_WHAT YOU WILL DO:_
Span requested from the data below: the line with "Einen großen Anteil, dass" through the line with "为进一步加强员工创新创业教育", both included. Give only these lines again, exactly, and leave every picture out.

_SOURCE INFORMATION:_
------------------------------------

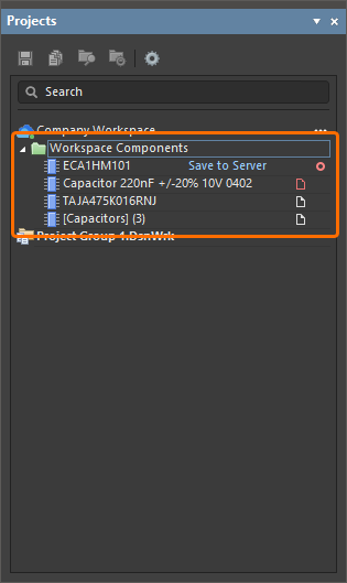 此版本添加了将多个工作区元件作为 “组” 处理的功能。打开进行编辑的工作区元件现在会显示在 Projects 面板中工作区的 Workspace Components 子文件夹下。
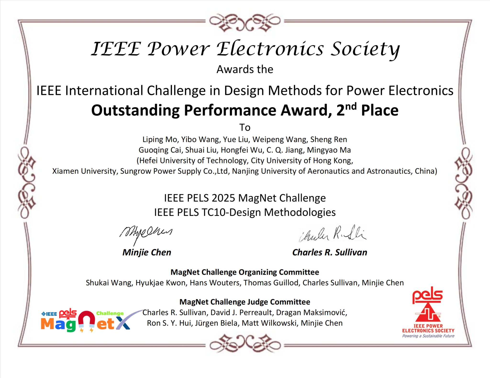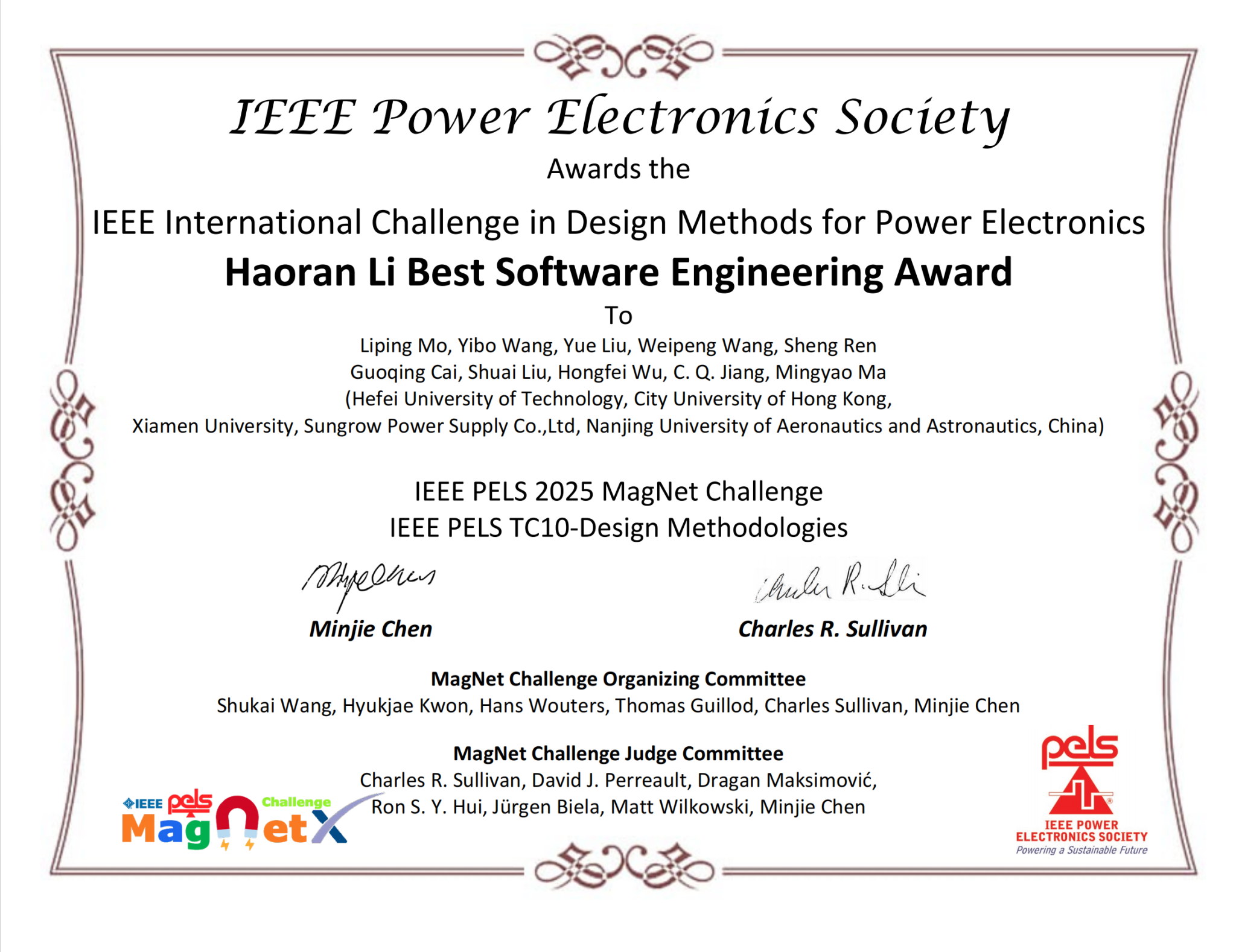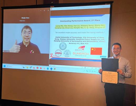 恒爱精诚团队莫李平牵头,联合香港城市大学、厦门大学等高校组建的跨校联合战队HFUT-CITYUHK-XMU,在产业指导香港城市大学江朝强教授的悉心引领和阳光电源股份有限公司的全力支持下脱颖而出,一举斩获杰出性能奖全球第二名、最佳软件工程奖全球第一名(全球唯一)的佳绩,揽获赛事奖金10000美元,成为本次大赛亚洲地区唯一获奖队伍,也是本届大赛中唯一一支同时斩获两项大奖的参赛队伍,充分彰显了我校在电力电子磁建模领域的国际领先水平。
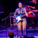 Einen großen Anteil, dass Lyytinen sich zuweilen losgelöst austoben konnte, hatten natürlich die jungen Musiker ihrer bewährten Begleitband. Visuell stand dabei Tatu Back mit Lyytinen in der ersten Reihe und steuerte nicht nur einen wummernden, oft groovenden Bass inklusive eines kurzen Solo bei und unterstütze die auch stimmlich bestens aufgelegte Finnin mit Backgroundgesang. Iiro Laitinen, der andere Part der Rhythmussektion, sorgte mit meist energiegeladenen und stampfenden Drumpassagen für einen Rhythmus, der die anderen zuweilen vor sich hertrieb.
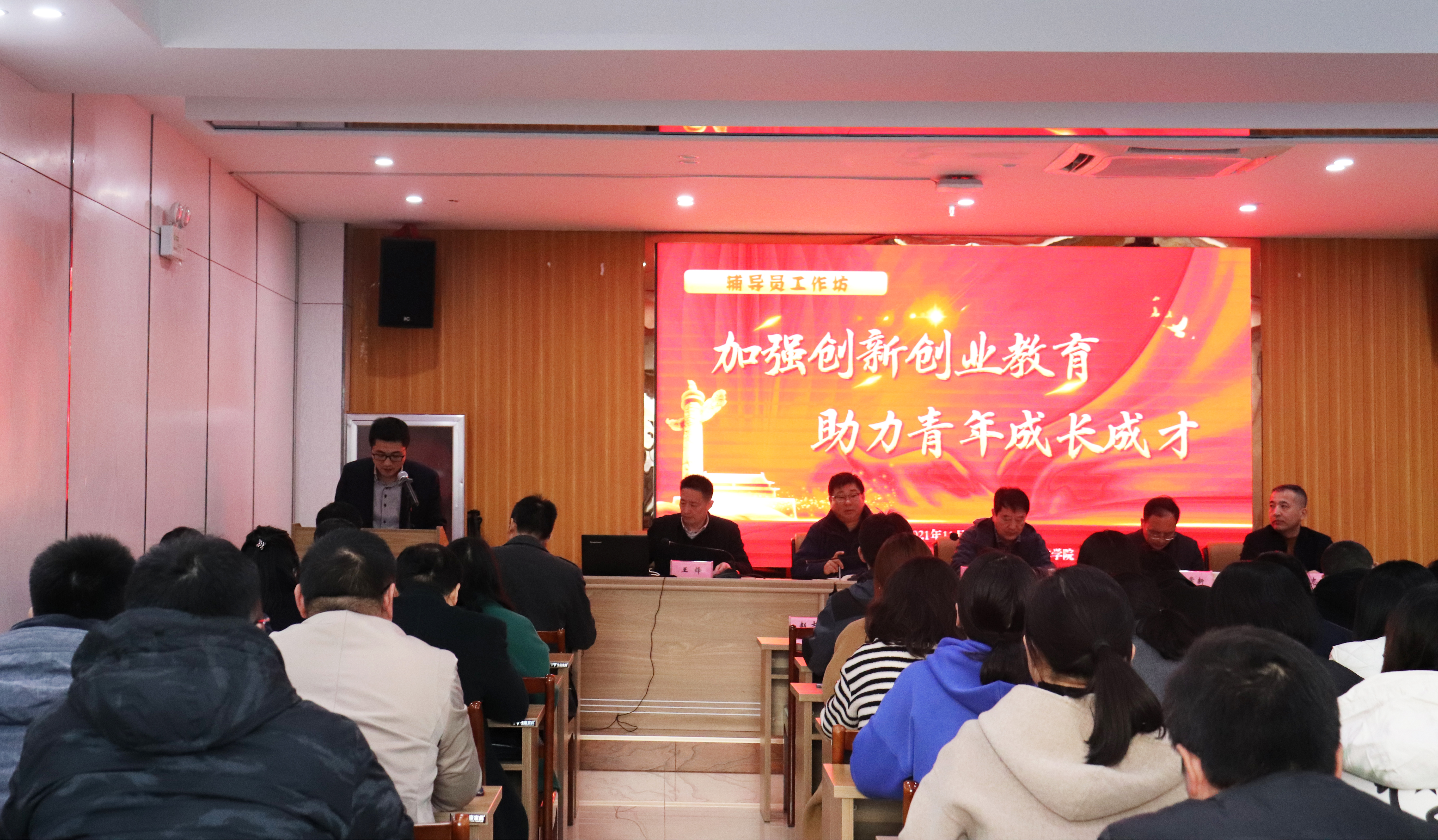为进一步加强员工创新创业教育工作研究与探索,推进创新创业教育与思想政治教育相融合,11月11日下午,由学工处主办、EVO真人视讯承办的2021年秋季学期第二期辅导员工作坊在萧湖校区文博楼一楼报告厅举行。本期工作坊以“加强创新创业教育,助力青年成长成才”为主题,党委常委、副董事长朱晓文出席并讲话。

------------------------------------

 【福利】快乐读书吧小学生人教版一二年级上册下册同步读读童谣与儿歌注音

------------------------------------

_ANSWER SPACE:_
 Einen großen Anteil, dass Lyytinen sich zuweilen losgelöst austoben konnte, hatten natürlich die jungen Musiker ihrer bewährten Begleitband. Visuell stand dabei Tatu Back mit Lyytinen in der ersten Reihe und steuerte nicht nur einen wummernden, oft groovenden Bass inklusive eines kurzen Solo bei und unterstütze die auch stimmlich bestens aufgelegte Finnin mit Backgroundgesang. Iiro Laitinen, der andere Part der Rhythmussektion, sorgte mit meist energiegeladenen und stampfenden Drumpassagen für einen Rhythmus, der die anderen zuweilen vor sich hertrieb.
为进一步加强员工创新创业教育工作研究与探索,推进创新创业教育与思想政治教育相融合,11月11日下午,由学工处主办、EVO真人视讯承办的2021年秋季学期第二期辅导员工作坊在萧湖校区文博楼一楼报告厅举行。本期工作坊以“加强创新创业教育,助力青年成长成才”为主题,党委常委、副董事长朱晓文出席并讲话。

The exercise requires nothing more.